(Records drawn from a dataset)
===
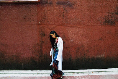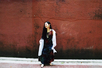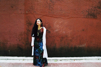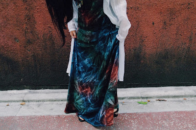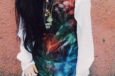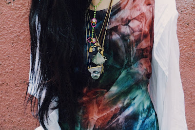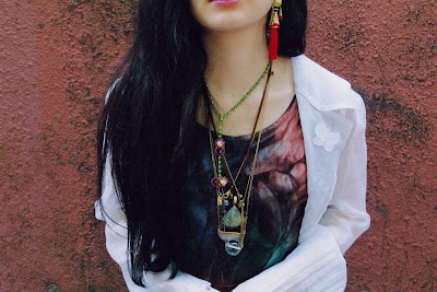 首元には、じゃらじゃらとたっぷりのネックレスを重ねて。
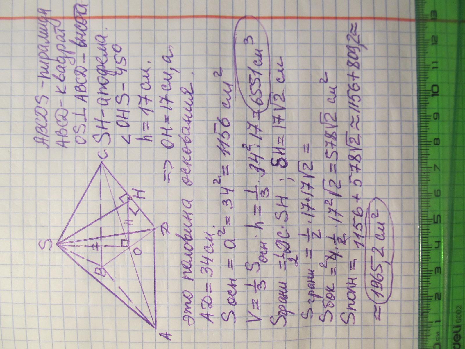 В правильной четырехугольной пирамиде апофема образует с плоскостью основания угол 45°, высота пирамиды 17 см. Найдите площадь полной поверхности и объем пирамиды
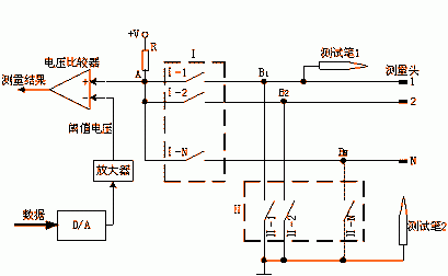 shixianzidongceliangdeqiantishijiangbeiceyuanjianyinjiaolianrutancedianluzhong,weicitanceshebeishezhiruogangeceliangtou,tongguodianlanyinchu,celiangtoukeguajiegezhongceshijiajuyuyuanjianyinjiaojianlilianjie,celiangtoudeshuliangjuedingletongyipilianrutancedianludeyinjiaoshu。ranhouzaichengxukongzhixiatanceyianzuheyuanzeyicijiangbeice"引腳對"一一納入測量通路。在測量通路中將"引腳對"之間的通/斷路狀況呈現為引腳間有無電阻,測量通路將其轉換為一個電壓量,由此判斷它們之間的通/斷路關係並加以記錄。
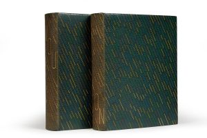 BROMFIELD (Louis). — La Mousson. — Paris, Les Heures claires, 1947. — 2 volumes in-4°, maroquin vert, plats et dos lisse entièrement ornés d’un décor de filets obliques dorés et polychromes interrompus figurant la pluie, titre doré...
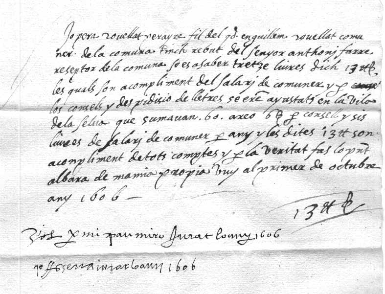 REBUDES SIGNADES A FAVOR DE LA COMUNA. PAGAMENT DE SALARIS.
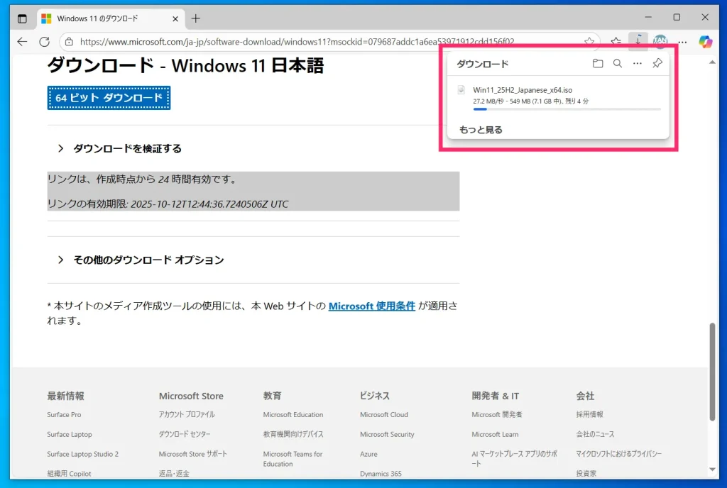 Windows 11 インストーラーの ISO ファイルのダウンロードが始まります。約 7.1GB とサイズが大きいので、ダウンロードには時間がかかります。終わるまで待ちましょう。
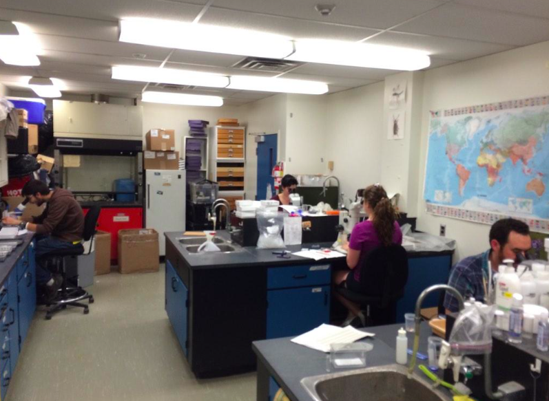 The Arthropod Ecology lab is a busy place. It has desks, computers, and microscopes. Often, when walking into the lab, you see lots of students looking into microscopes:
===
§ YOUR OBJECTIVE: Please give again the entries word for word, starting at the first line and ending with the line that contains "Windows 11 インストーラーの"; include both of those lines but none of the pictures.

§ SOLUTION BELOW:
 首元には、じゃらじゃらとたっぷりのネックレスを重ねて。
 В правильной четырехугольной пирамиде апофема образует с плоскостью основания угол 45°, высота пирамиды 17 см. Найдите площадь полной поверхности и объем пирамиды
 shixianzidongceliangdeqiantishijiangbeiceyuanjianyinjiaolianrutancedianluzhong,weicitanceshebeishezhiruogangeceliangtou,tongguodianlanyinchu,celiangtoukeguajiegezhongceshijiajuyuyuanjianyinjiaojianlilianjie,celiangtoudeshuliangjuedingletongyipilianrutancedianludeyinjiaoshu。ranhouzaichengxukongzhixiatanceyianzuheyuanzeyicijiangbeice"引腳對"一一納入測量通路。在測量通路中將"引腳對"之間的通/斷路狀況呈現為引腳間有無電阻,測量通路將其轉換為一個電壓量,由此判斷它們之間的通/斷路關係並加以記錄。
 BROMFIELD (Louis). — La Mousson. — Paris, Les Heures claires, 1947. — 2 volumes in-4°, maroquin vert, plats et dos lisse entièrement ornés d’un décor de filets obliques dorés et polychromes interrompus figurant la pluie, titre doré...
 REBUDES SIGNADES A FAVOR DE LA COMUNA. PAGAMENT DE SALARIS.
 Windows 11 インストーラーの ISO ファイルのダウンロードが始まります。約 7.1GB とサイズが大きいので、ダウンロードには時間がかかります。終わるまで待ちましょう。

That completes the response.